Assigned task: Your job here is to restate every record exactly, pictures excluded.
[Data section Boundary: Start]
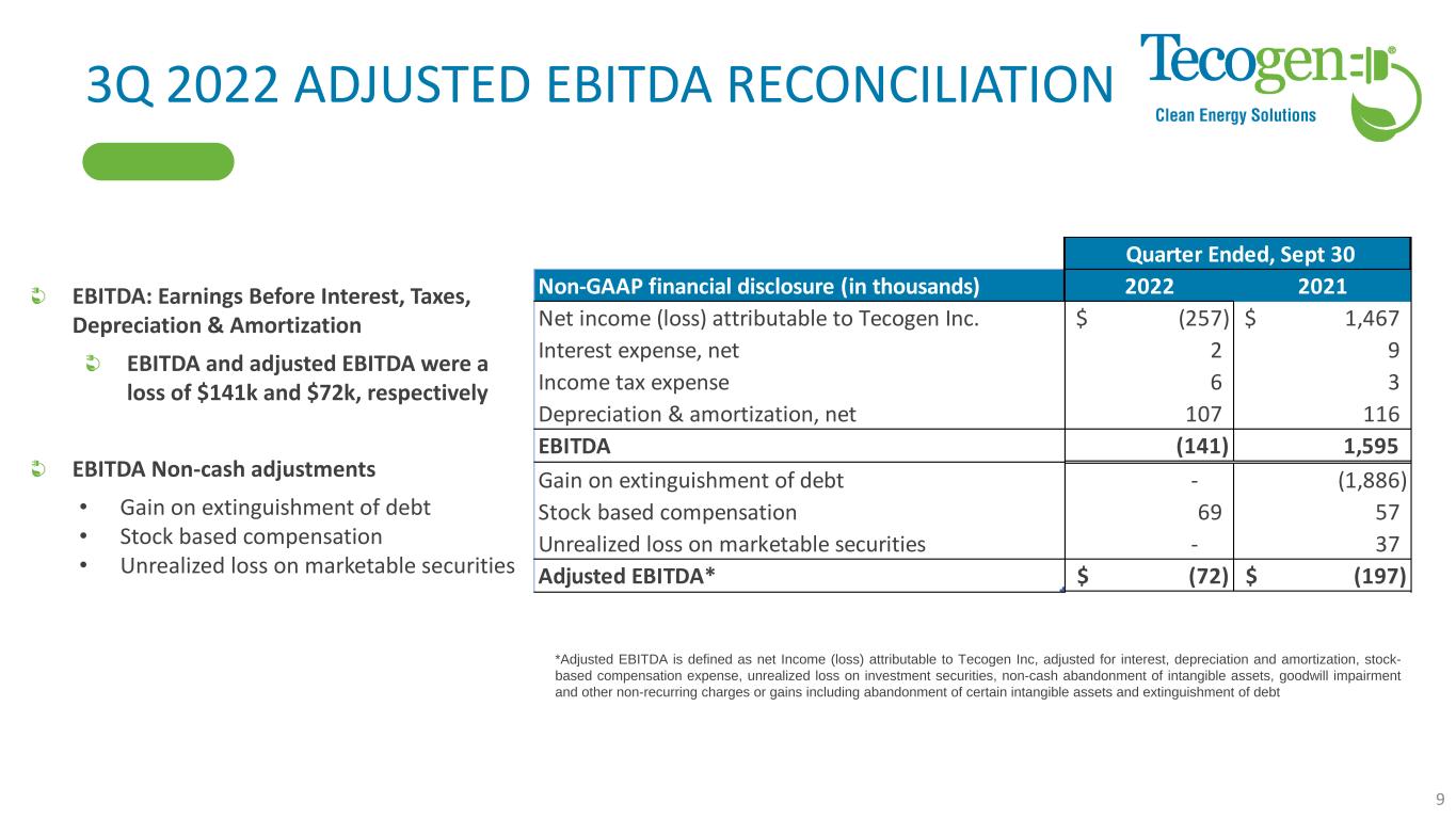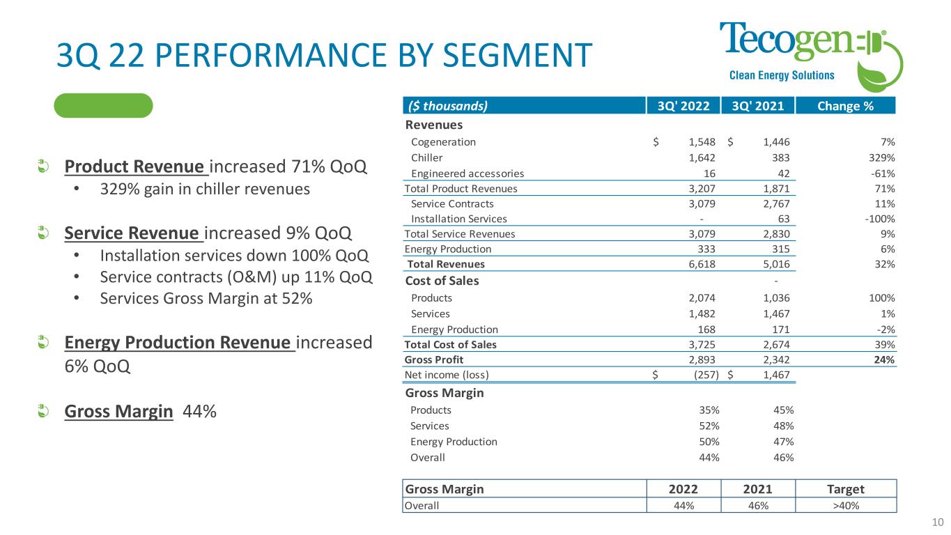 3Q 2022 ADJUSTED EBITDA RECONCILIATION EBITDA: Earnings Before Interest, Taxes, Depreciation & Amortization EBITDA and adjusted EBITDA were a loss of $141k and $72k, respectively EBITDA Non-cash adjustments • Gain on extinguishment of debt • Stock based compensation • Unrealized loss on marketable securities *Adjusted EBITDA is defined as net Income (loss) attributable to Tecogen Inc, adjusted for interest, depreciation and amortization, stock- based compensation expense, unrealized loss on investment securities, non-cash abandonment of intangible assets, goodwill impairment and other non-recurring charges or gains including abandonment of certain intangible assets and extinguishment of debt 9 Non-GAAP financial disclosure (in thousands) 2022 2021 Net income (loss) attributable to Tecogen Inc. (257)$ 1,467$ Interest expense, net 2 9 Income tax expense 6 3 Depreciation & amortization, net 107 116 EBITDA (141) 1,595 Gain on extinguishment of debt - (1,886) Stock based compensation 69 57 Unrealized loss on marketable securities - 37 Adjusted EBITDA* (72)$ (197)$ Quarter Ended, Sept 30
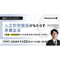【1月22日(木) 無料セミナー】『人工知能技術がもたらす産業変革 ― 画像・映像認識などの技術応用と実社会への導入』を開催(ストックマーク主催)
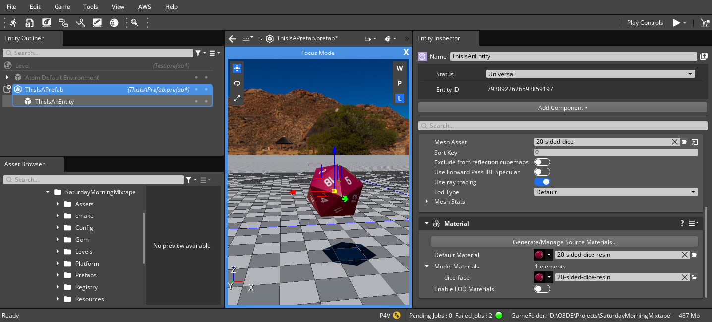To create an entity with an asset as its basis, drag an asset such as a .azmodel or a .actor from Asset Browser into Entity Outliner or the viewport. In the following video, a .azmodel is dragged into the viewport from Asset Browser, and a new entity with a Mesh component is created in the level.
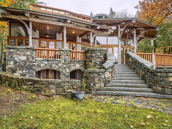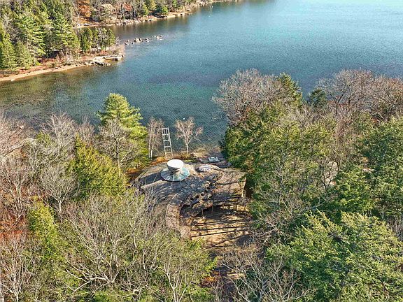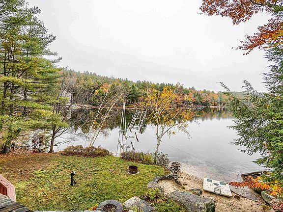 Amazing, unique and simply beautiful only begins to describe this very special, one-of-a kind waterfront home on crystal clear Merrymeeting Lake with 100 feet of mostly level shorefront, a large sandy beach and pretty southeasterly views. But the adventure continues when you enter the Great Room with its majestic three-story fireplace expertly crafted by a master stone mason and the sunshine pouring in through the 20-foot-tall windows. Adjacent to the Great Room is a charming dining area and a chef's kitchen with a large island while down the hall is a cozy primary bedroom suite with a fireplace. And up the gorgeous, hand-crafted stairway is another bedroom suite and a very special room known as the is "Birdhouse" with its own balcony overlooking the Lake...while down the "forest path" is an in-law suite complete with a kitchenette, balcony and a private entrance. The walk out lower level includes another fireplace in the game room as well as two bunk rooms each with their own bath. The home features state of the art electronics, central air, an on-demand generator and a heated two car garage. The almost one-acre property abuts 86 acres of conservation land. Showings begin Saturday, November 5, 2022
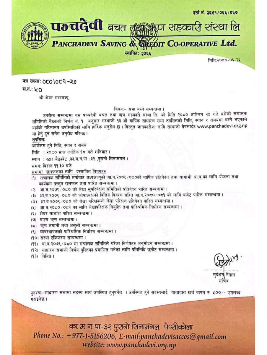 सर्वाधिकार © पञ्चदेवी बचत तथा ऋण सहकारी संस्था लि मा सुरक्षित | Designed And Developed By: Xenatech Nepal
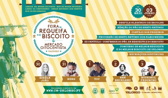 Com presença garantida das principais padarias e biscoitarias do concelho de Valongo, o evento terá animação diária, com fabrico ao vivo, recriações históricas, exposições, cortejos, teatro, danças, passeios a cavalo e grandes espetáculos. Gisela João, Berg, Toy, Ana Bacalhau e Rouxinol Faduncho são as cabeças de cartaz de edição de 2018, que foi alargada para 5 dias.
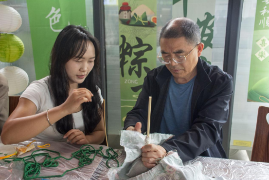 手工体验间隙,活动组织者特意为在场的师生们准备了应景的端午粽子。热气腾腾的粽子被工作人员端出,粽叶的清香瞬间弥漫开来。大家吃着美味的粽子,交流着参与活动的感受,唇齿间的甜蜜与满足,为这场文化体验增添了浓浓的温情与节日的仪式感,也让这份传统文化的浸润更加立体而生动。
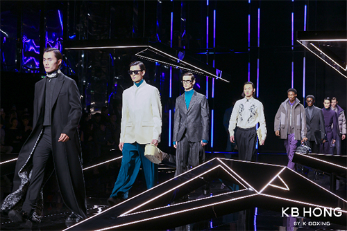 米兰时间2024年1月15日,劲霸男装高端系列 KB HONG第6次登陆米兰时装周官方日程。意大利时尚教父Sergio Salerni亲自担任秀导,在米兰Alcione剧院以“来自2080的收藏家”为主题开秀,意大利著名歌手、词曲作家马哈茂德(Mahmood)和好莱坞当红新生代演员泰勒·扎克哈尔·佩雷斯(Taylor Zakhar Perez)作为本次的重磅嘉宾前排看秀。
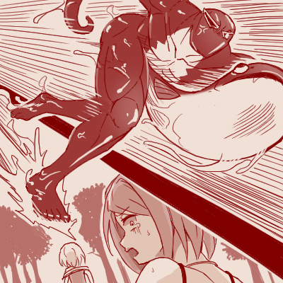 | … | 926/04/15(水)01:21:33 ID:WM663.UsNo.1420476044+緑髪は叫ぶように乞いながら腰を抜かしてへたり込み、後ずさっている。そそるものがあるがまともに動けなくなったこいつは後回しだ。まだ必死に逃げ続ける金髪の方から捕まえなければ。 |
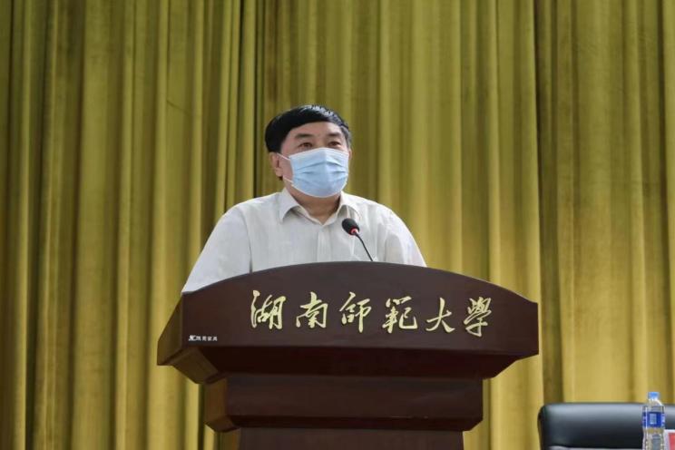 尹韵公发表致辞,向新生表达了热烈的欢迎与殷切的期盼,并希望同学们在本科四年的学习中,不仅要提升自身专业素养与认识能力,更要在湖湘文化中涵养自己,不断提升自我的海拔高度,成为胸怀广、视野宽、境界高、格局大、面向中国、面向世界的有为青年。
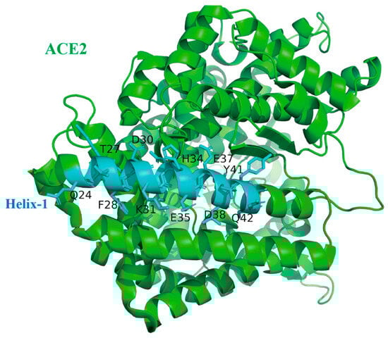 Structure of ACE2 (helix-1 in cyan, PBD ID:6M0J).
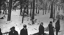 This was the last execution conducted in Palmiry in 1940 for which circumstances are at least partially known. However, during the postwar exhumation, three mass graves filled with 74, 28, and 24 corpses respectively, were found at the forest glade. It is certain that first two of them were filled and buried in the winter of 1940, while the third one was probably dug in the winter of 1940 or 1939.[42] Polish historians were not able to determine the circumstances of those massacres. According to Regina Domańska, about 27 prisoners of Pawiak were executed in Palmiry on 4 December 1940.[43] According to Maria Wardzyńska, up to 260 people could have been murdered in Palmiry in the winter of 1940.[44]
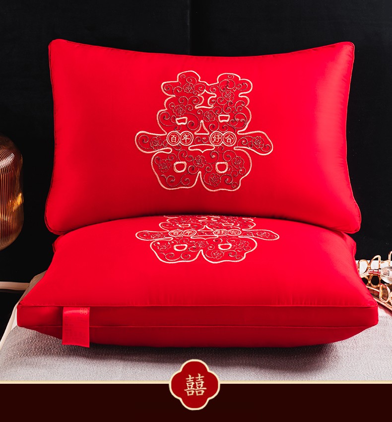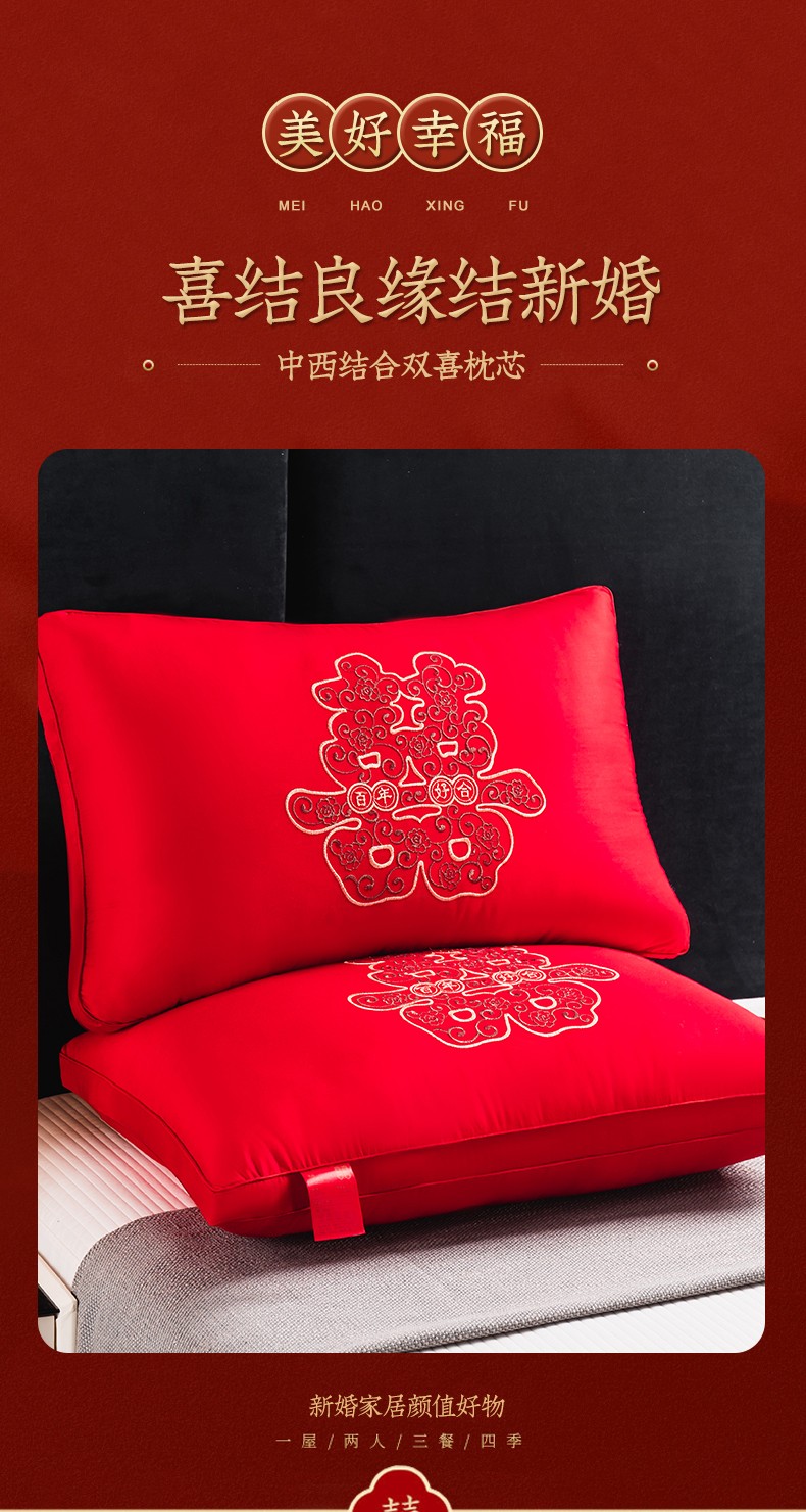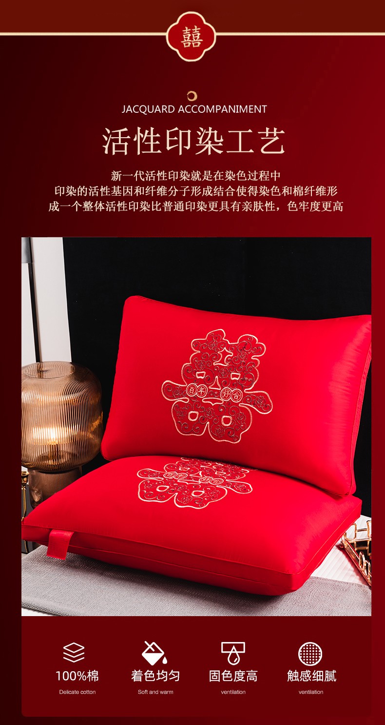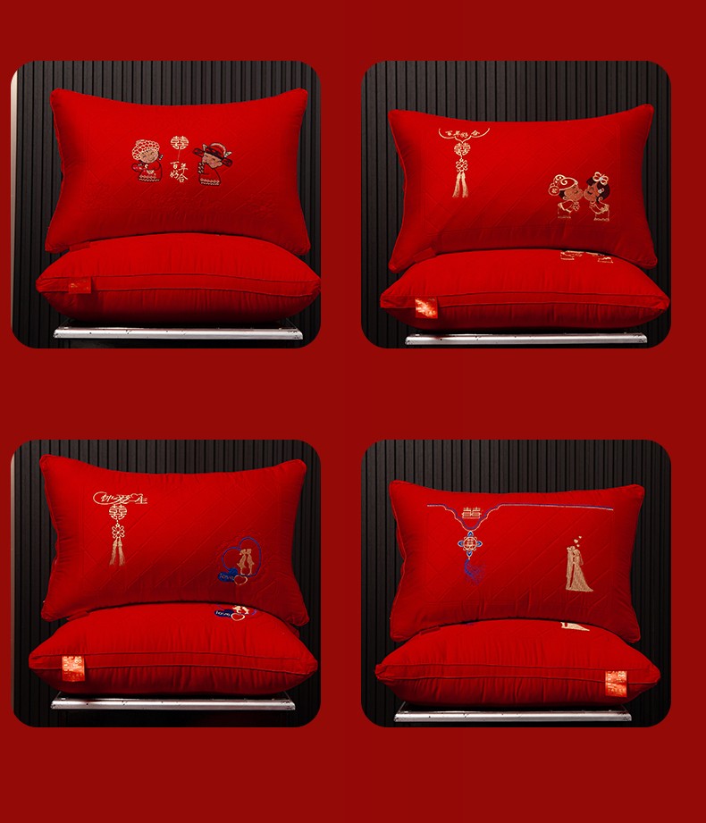 (总) 皇冠之家 2024新款全棉大红喜庆枕头枕芯48*74cm
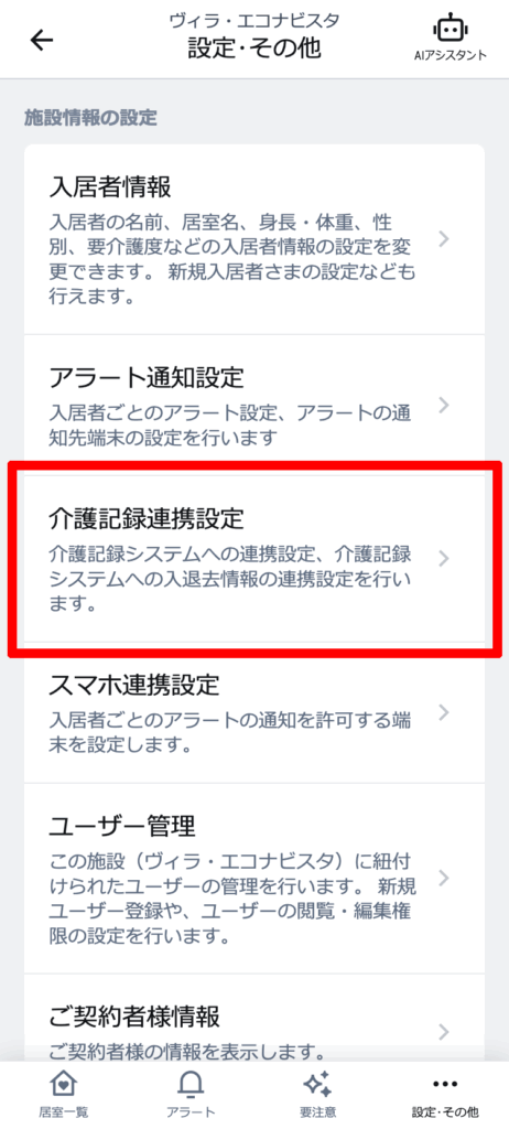 設定ページを開き、 「介護記録連携設定」をクリックします。
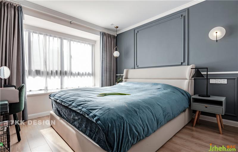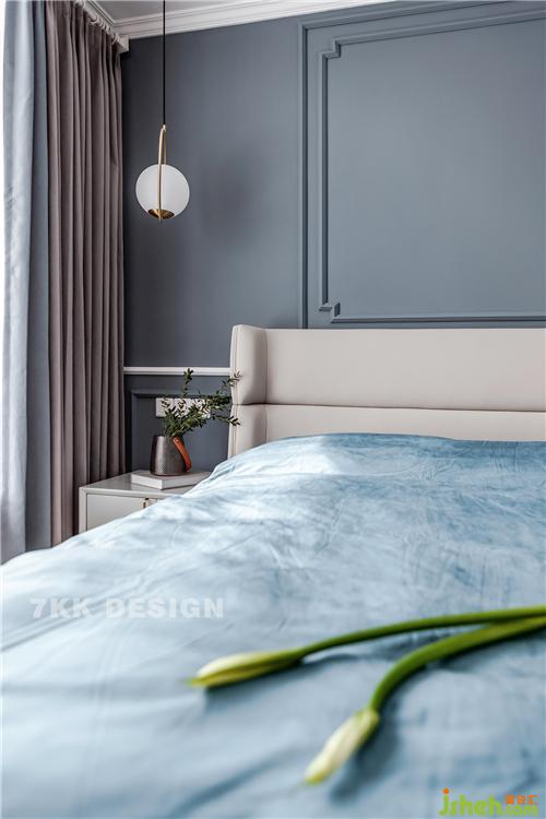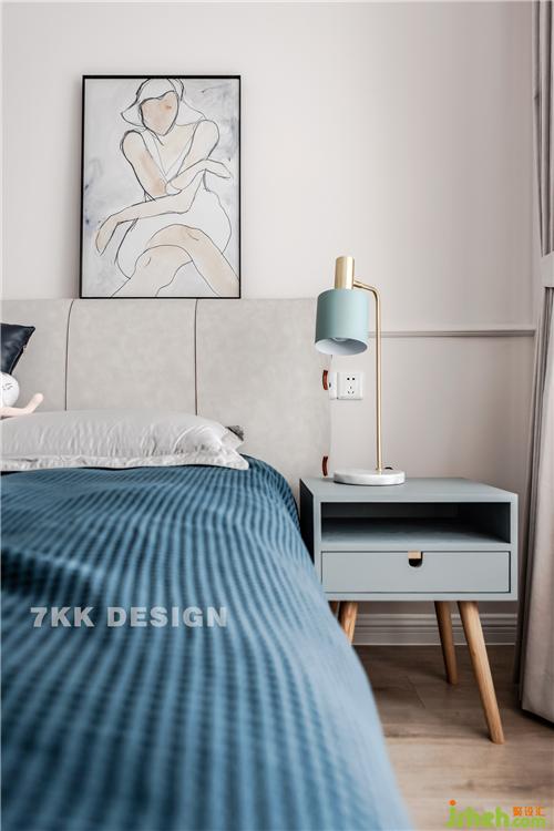 業(yè)主真的是比較喜歡藍色的,床品選擇藍色的搭配+床頭柜一抹綠色點綴,營造靜謐的睡眠空間。
[Data section Boundary: End]
Output:
 3Q 2022 ADJUSTED EBITDA RECONCILIATION EBITDA: Earnings Before Interest, Taxes, Depreciation & Amortization EBITDA and adjusted EBITDA were a loss of $141k and $72k, respectively EBITDA Non-cash adjustments • Gain on extinguishment of debt • Stock based compensation • Unrealized loss on marketable securities *Adjusted EBITDA is defined as net Income (loss) attributable to Tecogen Inc, adjusted for interest, depreciation and amortization, stock- based compensation expense, unrealized loss on investment securities, non-cash abandonment of intangible assets, goodwill impairment and other non-recurring charges or gains including abandonment of certain intangible assets and extinguishment of debt 9 Non-GAAP financial disclosure (in thousands) 2022 2021 Net income (loss) attributable to Tecogen Inc. (257)$ 1,467$ Interest expense, net 2 9 Income tax expense 6 3 Depreciation & amortization, net 107 116 EBITDA (141) 1,595 Gain on extinguishment of debt - (1,886) Stock based compensation 69 57 Unrealized loss on marketable securities - 37 Adjusted EBITDA* (72)$ (197)$ Quarter Ended, Sept 30
【1月22日(木) 無料セミナー】『人工知能技術がもたらす産業変革 ― 画像・映像認識などの技術応用と実社会への導入』を開催(ストックマーク主催)
To create an entity with an asset as its basis, drag an asset such as a .azmodel or a .actor from Asset Browser into Entity Outliner or the viewport. In the following video, a .azmodel is dragged into the viewport from Asset Browser, and a new entity with a Mesh component is created in the level.
 Amazing, unique and simply beautiful only begins to describe this very special, one-of-a kind waterfront home on crystal clear Merrymeeting Lake with 100 feet of mostly level shorefront, a large sandy beach and pretty southeasterly views. But the adventure continues when you enter the Great Room with its majestic three-story fireplace expertly crafted by a master stone mason and the sunshine pouring in through the 20-foot-tall windows. Adjacent to the Great Room is a charming dining area and a chef's kitchen with a large island while down the hall is a cozy primary bedroom suite with a fireplace. And up the gorgeous, hand-crafted stairway is another bedroom suite and a very special room known as the is "Birdhouse" with its own balcony overlooking the Lake...while down the "forest path" is an in-law suite complete with a kitchenette, balcony and a private entrance. The walk out lower level includes another fireplace in the game room as well as two bunk rooms each with their own bath. The home features state of the art electronics, central air, an on-demand generator and a heated two car garage. The almost one-acre property abuts 86 acres of conservation land. Showings begin Saturday, November 5, 2022
 सर्वाधिकार © पञ्चदेवी बचत तथा ऋण सहकारी संस्था लि मा सुरक्षित | Designed And Developed By: Xenatech Nepal
 Com presença garantida das principais padarias e biscoitarias do concelho de Valongo, o evento terá animação diária, com fabrico ao vivo, recriações históricas, exposições, cortejos, teatro, danças, passeios a cavalo e grandes espetáculos. Gisela João, Berg, Toy, Ana Bacalhau e Rouxinol Faduncho são as cabeças de cartaz de edição de 2018, que foi alargada para 5 dias.
 手工体验间隙,活动组织者特意为在场的师生们准备了应景的端午粽子。热气腾腾的粽子被工作人员端出,粽叶的清香瞬间弥漫开来。大家吃着美味的粽子,交流着参与活动的感受,唇齿间的甜蜜与满足,为这场文化体验增添了浓浓的温情与节日的仪式感,也让这份传统文化的浸润更加立体而生动。
 米兰时间2024年1月15日,劲霸男装高端系列 KB HONG第6次登陆米兰时装周官方日程。意大利时尚教父Sergio Salerni亲自担任秀导,在米兰Alcione剧院以“来自2080的收藏家”为主题开秀,意大利著名歌手、词曲作家马哈茂德(Mahmood)和好莱坞当红新生代演员泰勒·扎克哈尔·佩雷斯(Taylor Zakhar Perez)作为本次的重磅嘉宾前排看秀。
 | … | 926/04/15(水)01:21:33 ID:WM663.UsNo.1420476044+緑髪は叫ぶように乞いながら腰を抜かしてへたり込み、後ずさっている。そそるものがあるがまともに動けなくなったこいつは後回しだ。まだ必死に逃げ続ける金髪の方から捕まえなければ。 |
 尹韵公发表致辞,向新生表达了热烈的欢迎与殷切的期盼,并希望同学们在本科四年的学习中,不仅要提升自身专业素养与认识能力,更要在湖湘文化中涵养自己,不断提升自我的海拔高度,成为胸怀广、视野宽、境界高、格局大、面向中国、面向世界的有为青年。
 Structure of ACE2 (helix-1 in cyan, PBD ID:6M0J).
 This was the last execution conducted in Palmiry in 1940 for which circumstances are at least partially known. However, during the postwar exhumation, three mass graves filled with 74, 28, and 24 corpses respectively, were found at the forest glade. It is certain that first two of them were filled and buried in the winter of 1940, while the third one was probably dug in the winter of 1940 or 1939.[42] Polish historians were not able to determine the circumstances of those massacres. According to Regina Domańska, about 27 prisoners of Pawiak were executed in Palmiry on 4 December 1940.[43] According to Maria Wardzyńska, up to 260 people could have been murdered in Palmiry in the winter of 1940.[44]
 (总) 皇冠之家 2024新款全棉大红喜庆枕头枕芯48*74cm
 設定ページを開き、 「介護記録連携設定」をクリックします。
 業(yè)主真的是比較喜歡藍色的,床品選擇藍色的搭配+床頭柜一抹綠色點綴,營造靜謐的睡眠空間。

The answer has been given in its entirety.